Désormais bien installé dans le circuit professionnel, Marco Dominguez se montre ambitieux pour la suite de sa carrière. Il le reconnaît, cette expérience au Guatemala est avant tout pour lui un tremplin. Alors qu’il lui reste encore un an de contrat, il souhaite être performant en championnat, mais aussi (et surtout ?) en Ligue Concacaf, une compétition qui offre une exposition beaucoup plus importante et qui pourrait lui permettre d’être remarqué par un club d’un championnat plus huppé, tels le Mexique ou le Costa Rica. « Ce sont des championnats vus par plus de monde et beaucoup de joueurs qui évoluent dans ces championnats ont l’opportunité d’être repérés par des clubs européens ou sud-américains », note-t-il.

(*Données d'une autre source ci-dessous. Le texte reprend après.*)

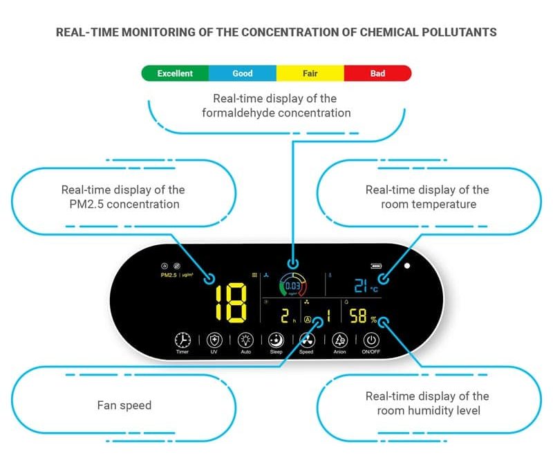 (formaldehyde concentration). Its pollution sensors analyze the ambient air accurately and regularly.
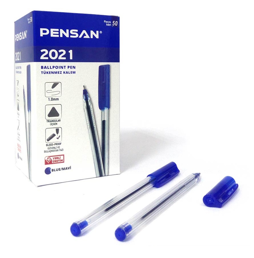 Ручка масляная PENSAN 2021 прозр.трехгранный корпус, игольч. 1мм, синяя
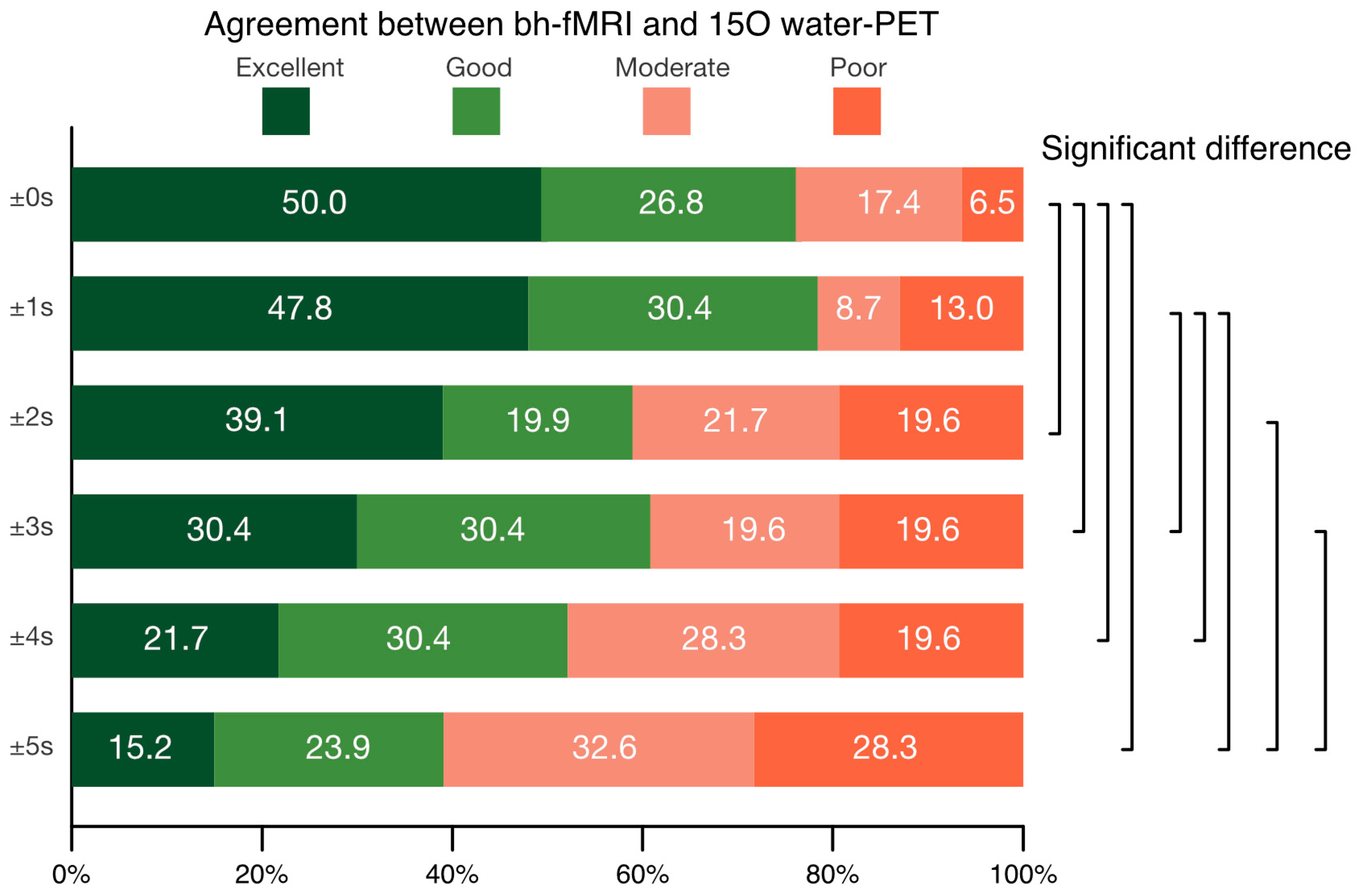 3.1. Influence of the Evaluated Time Periods of bh-fMRI on Agreement with [15O]Water PET
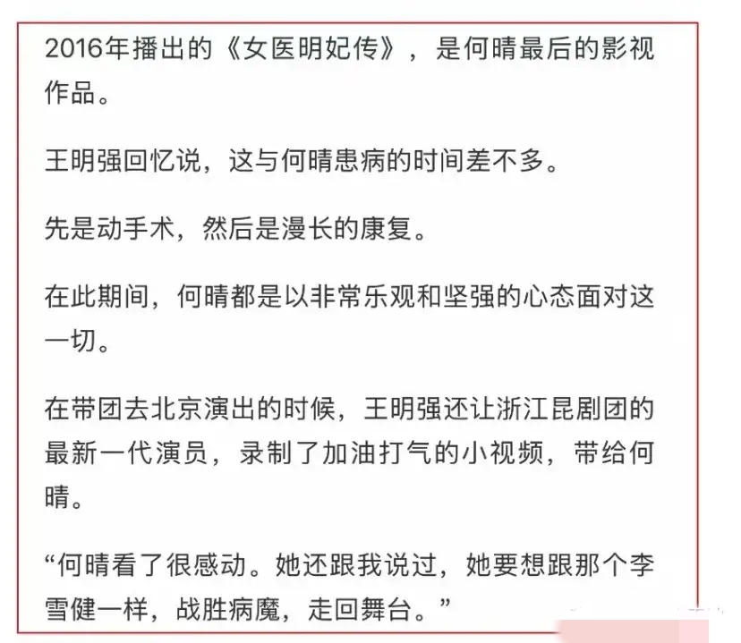 原来何晴患脑瘤做过手术后,还中过风,到后面说话都说不清楚。
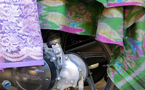 Elle n’oublie pas les rétroviseurs des scooters qui sont eux aussi décorés avec de petits fétiches mutins.
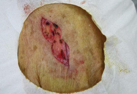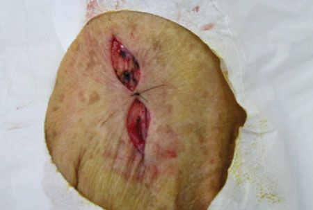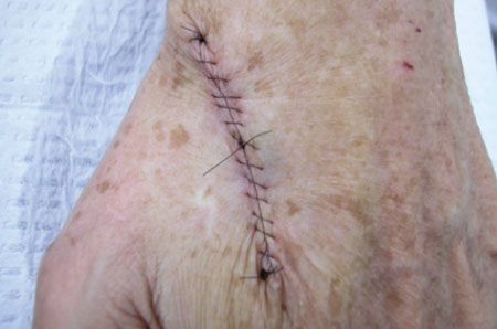 Figure 5 – Final nylon closure is achieved. An interlocking suture technique is shown here, but simple interrupted sutures may be used.
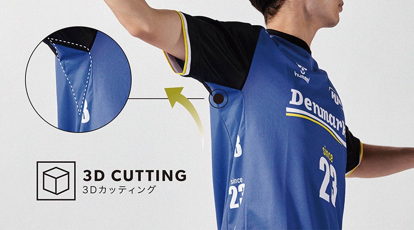 サポートチームや選手からヒアリングし、ハンドボールの動きを考えたパターンに。ハンドボールの動きに多い腕の上下運動がしやすいよう、シャツの脇部分に立体裁断を採用。投球動作時のストレスを軽減し、スムーズなプレーをサポートします。
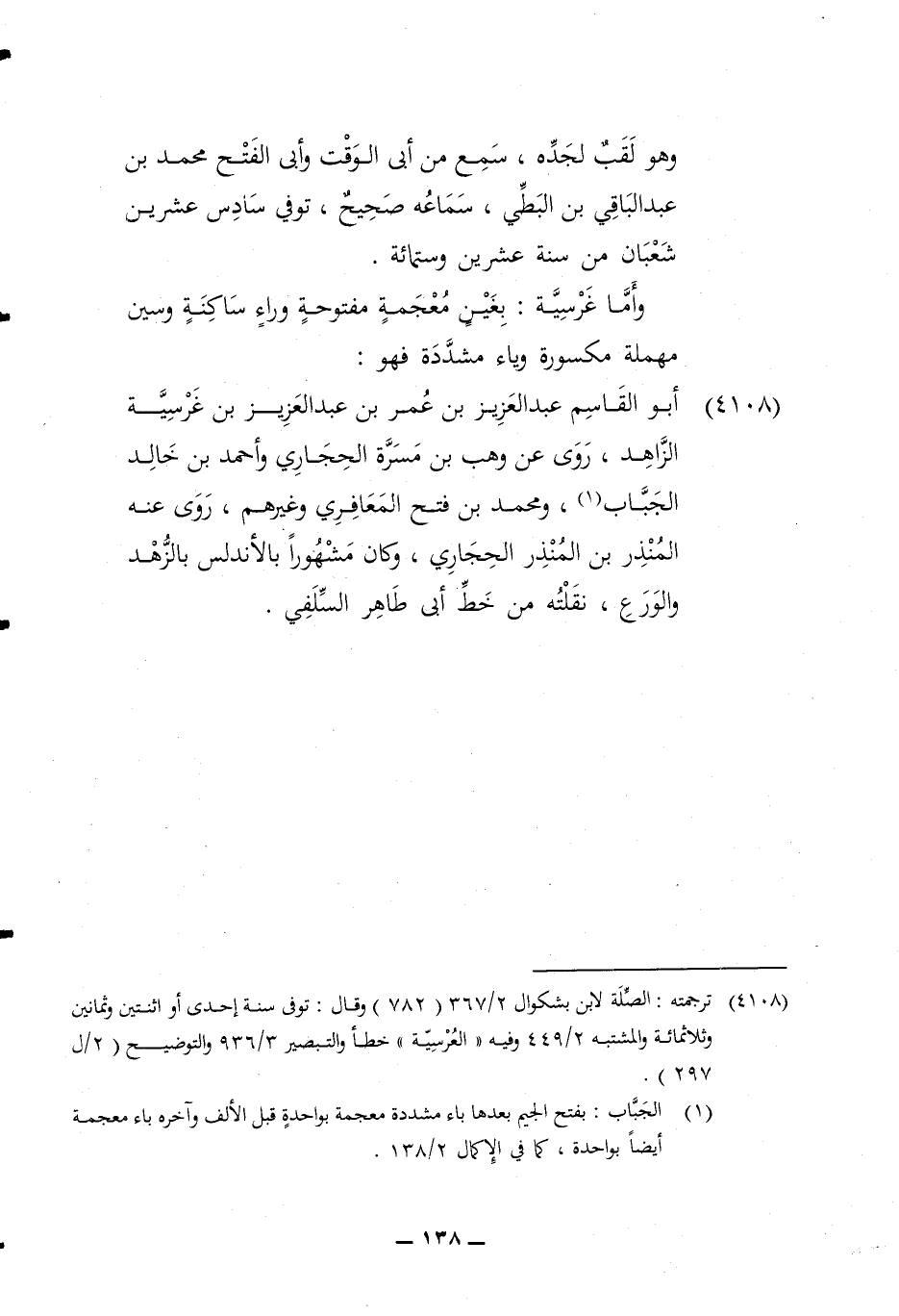 4108 - أَبُو الْقَاسِم عبد الْعَزِيز بن عمر بن عبد الْعَزِيز بن غرسية الزَّاهِد روى عَن وهب بن مَسَرَّة الحجاري وَأحمد بن خَالِد الْجبَاب وَمُحَمّد بن فتح الْمعَافِرِي وَغَيرهم روى عَنهُ الْمُنْذر بن الْمُنْذر الحجاري وَكَانَ مَشْهُورا بالأندلس بالزهد والورع نقلته من خطّ أبي طَاهِر السلَفِي
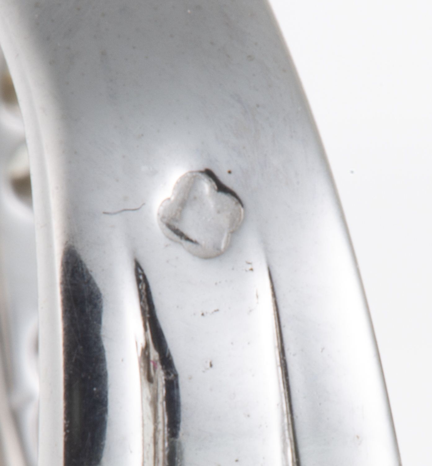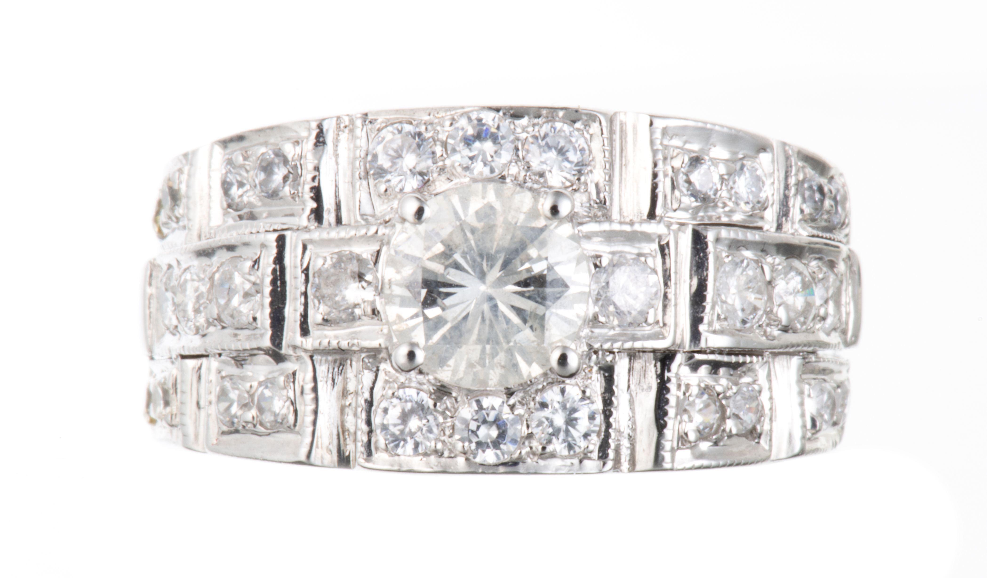 Bague en or gris .750 avec un un diamant de taille rondiste de 0.60 ct et un sertissage de 30 diamants de taille brillant pour un total de 0.8 ct.
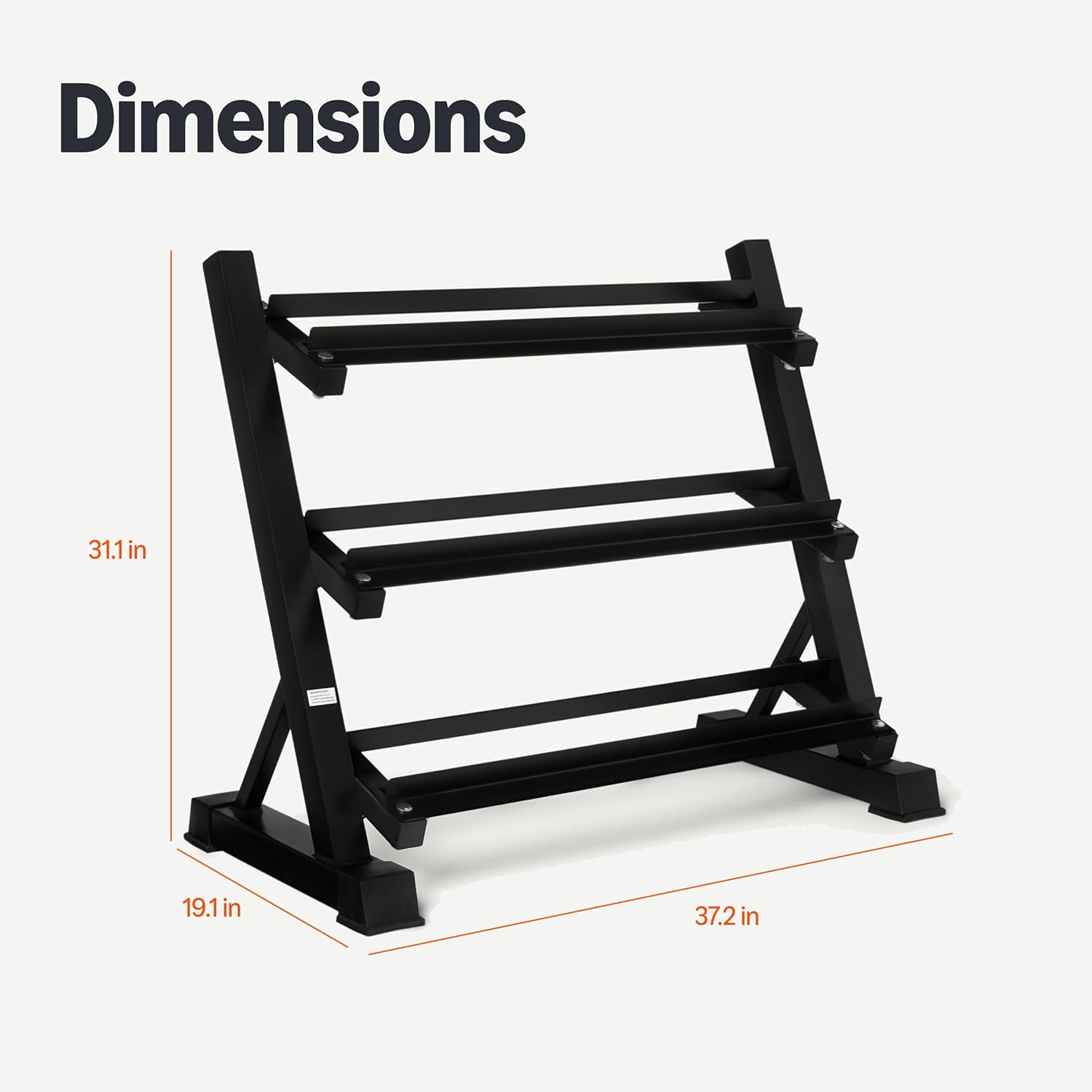 CAPACITY: 3-tier weight rack keeps dumbbells safely stored and easily accessible; holds up to 1,000 pounds

Canadien, mais aussi Guatémaltèque par son père et Dominicain par sa mère, Marco Dominguez envisage aussi la suite avec le maillot d’une sélection nationale sur les épaules. Il peut ainsi opter pour l’un des trois pays. Son choix n’est pas encore acté et il le sera en fonction des opportunités et des perspectives qui se présentent. Pourtant, encore une fois, tout n’est pas simple. Le joueur, qui a participé à la Coupe du monde et au championnat de la Concacaf U17 en 2013 avec le Canada, sait qu’il devra faire face à une rude concurrence s’il souhaite intégrer la sélection dirigée par John Herdman. D’un autre côté, la sélection dominicaine a montré de sérieuses limites et il est loin d’être sûr que la sélection parvienne à se qualifier pour les compétitions internationales. Enfin, des problèmes de corruption ont miné la fédération guatémaltèque, et la sélection nationale se relève à peine d’une suspension de 18 mois de toute compétition internationale. Le Guatemala est d’ailleurs la seule équipe de la zone Amérique et Caraïbe à ne pas avoir pris part à la Ligue des Nations. Passé de la 79eplace au classement FIFA en 2015 à la 143eaujourd’hui, le Guatemala est cependant revenu dans le circuit en mars dernier, avec une victoire pleine de panache contre le Costa Rica. Le défi peut donc être beau pour Marco Dominguez, et ne devrait pas être de nature à lui faire peur. Il en a vu d’autres.